President Muhammadu Buhari has directed the Inspector General of Police, Mohammed Adamu, to address issues raised by Nigerians in their protests against police inhuman treatment and extrajudicial killings in the country.
Rights activists, artistes and celebrities have taken to the streets in major cities protesting the actions and demanding the scrapping of the police Special Anti-armed Robbery Squad.
The protests have assumed a global dimension as many Nigerians in other countries including the United States, the United Kingdom and Canada, especially celebrities joined the campaign.
Apart from Nigeria, the #EndSARS hashtag has been trending in the UK, Canada, and the US.
British-Nigerian actor John Boyega expressed support for the campaign.
The President said in a statement he personally signed on Friday that he had with the IGP over the issue.
Vice President Yemi Osinbajo had earlier met with IGP Adamu on the same public outcry against SARS and expressed support for the immediate reform of the police unit starting with a ban on the stop-and-search patrols.
Buhari said, “I met again with the IGP tonight. Our determination to reform the police should never be in doubt.”

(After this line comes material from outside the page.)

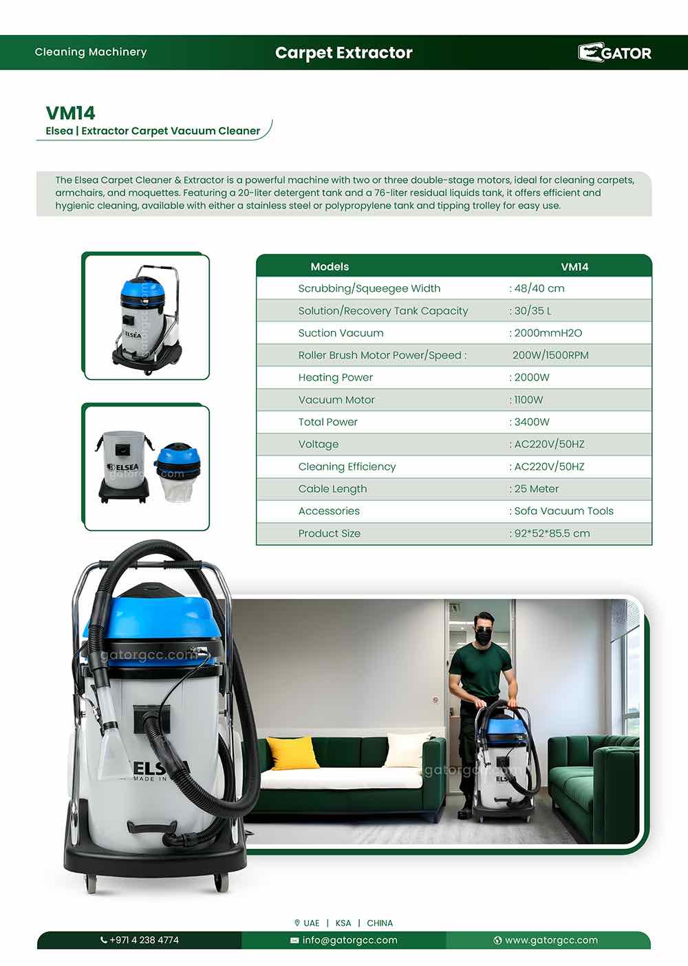The Elsea Estro 250 is a powerful carpet extractor and wet-dry vacuum cleaner, specifically designed for deep cleaning of carpets, upholstery, and armchairs. With its dual-motor system and high-capacity tanks, it provides strong suction, efficient detergent application, and easy waste disposal, making it an ideal choice for professional and industrial cleaning.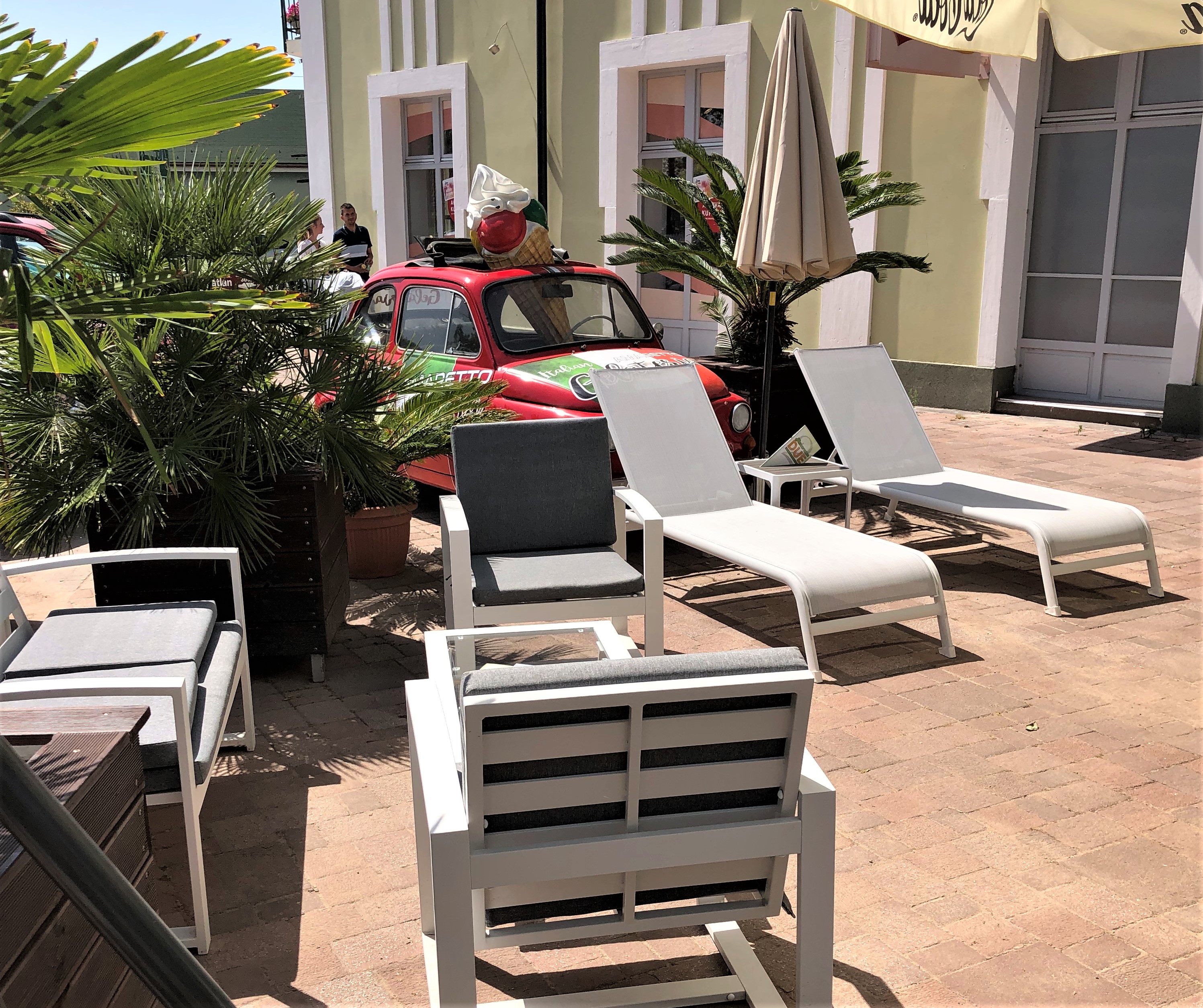Az Amaretto Due Cafe & Bar Balatonalmádiban a szökőkút közelében, a Baross Gábor út 4. szám alatt található. A kávézó minden nap 8:30 és 21:00 között várja vendégeit egy finom süteményre, kávéra, koktélra vagy light fagyira. A hely nyáron pálmafákkal díszített fedetlen kiülős résszel üzemel, amely tengerparti hangulatot idéz egy figyom fagyi elfogyasztása közben. A kávézóban hagyományosabb és különlegesebb sütemények is kaphatók, választékban megtalálható az oreo torta szelet, erdeigyümölcsös sajttorta, mákosguba tortaszelet, dobostorta szelet, házi krémes, málnás-krémes, mignon stb. A kávézó megrendelésre vállalja torták elkészítését is, így jó választás lehet születésnap, névnap, ballagás, keresztelő vagy más ünnepek alkalmával. Az Amaretto Due-ban a sütemények mellett kézzel készült fagylaltokkal várják a vendégeket. A kínálatuk különlegessége, hogy szinte minden fagyi light változatban készül. A light változat mellett választhatjuk a steviával készült teljesen cukormentes változatot is. Az ételallergiásoknak sem kell kimaradniuk a hűsítő finomságokból, ugyanis tej- és gluténmentes fagylalt is kapható. A fagyipultban minden fagylalt mellett egy kis tábla mutatja, hogy light, cukormentes, tejmentes, gluténmentes fagyiról van-e szó, így az erre érzékenyeknek is könnyű dolguk van. Választhatunk 100% gyümölcsből készült fagyit is, ilyen például az eper, a mangó, a meggy-banán és a vörösboros málna. A választékban szerepel még mohito, mogyoró, vanília, Ferrero rocher, málnás-joghurt és csokoládé fagyi is, mindegyik light verzióban. Egy 7 dkg-os gombóc fagyi 300 Forintba kerül, melyet a sima tölcsér mellett édes vagy gluténmentes tölcsérben is kérhetjük.

“I am being briefed regularly on the reform efforts ongoing to end police brutality and unethical conduct, and ensure that the Police are fully accountable to the people.”
He said he had ordered the IGP “to conclusively address the concerns of Nigerians regarding these excesses and ensure erring personnel are brought to justice.”
The President urged the people to exercise patience and be calm, assuring them of adequate protection and stressed that the majority of those in the Nigeria Police Force were patriotic and remained committed to the protection of the lives and property of Nigerians.
Nigerian musicians such as Davido, Wizkid, Tiwa Savage, Runtown, Falz, Wulrd and DJ Spinal joined the anti-SARS street protests in Lagos
Award-winning actress Nse Ikpe-Etim has also tweeted to join Edward’s protest.
A professional athlete and owner of the first Black-owned cigar line in the UK Mike Edwards has said he would be leading a protest to Nigeria High Commission in London on Sunday.
The protests sweeping through many streets of Abuja and states like Lagos, Osun, Edo and Delta were against the extortion, illegal detention, and extra-judicial killings of Nigerians, mostly youths, by members of the police unit.
Specifically, the protesters are calling for the scrapping of the police’s notorious unit.
The protests followed the footage showing officers from the SARS police unit dragging two men from a hotel in Lagos and shooting one of them in the street.
In the disturbing footage taken by visitors at a hotel and posted on to social media armed officers of the SARS can be seen dragging the victims from the hotel compound into the street before one of the men is shot.
This has prompted the Inspector General of Police, Mohammed Adamu, to announce the ban of SARS and other tactical police units from stop-and-search patrols, nationwide.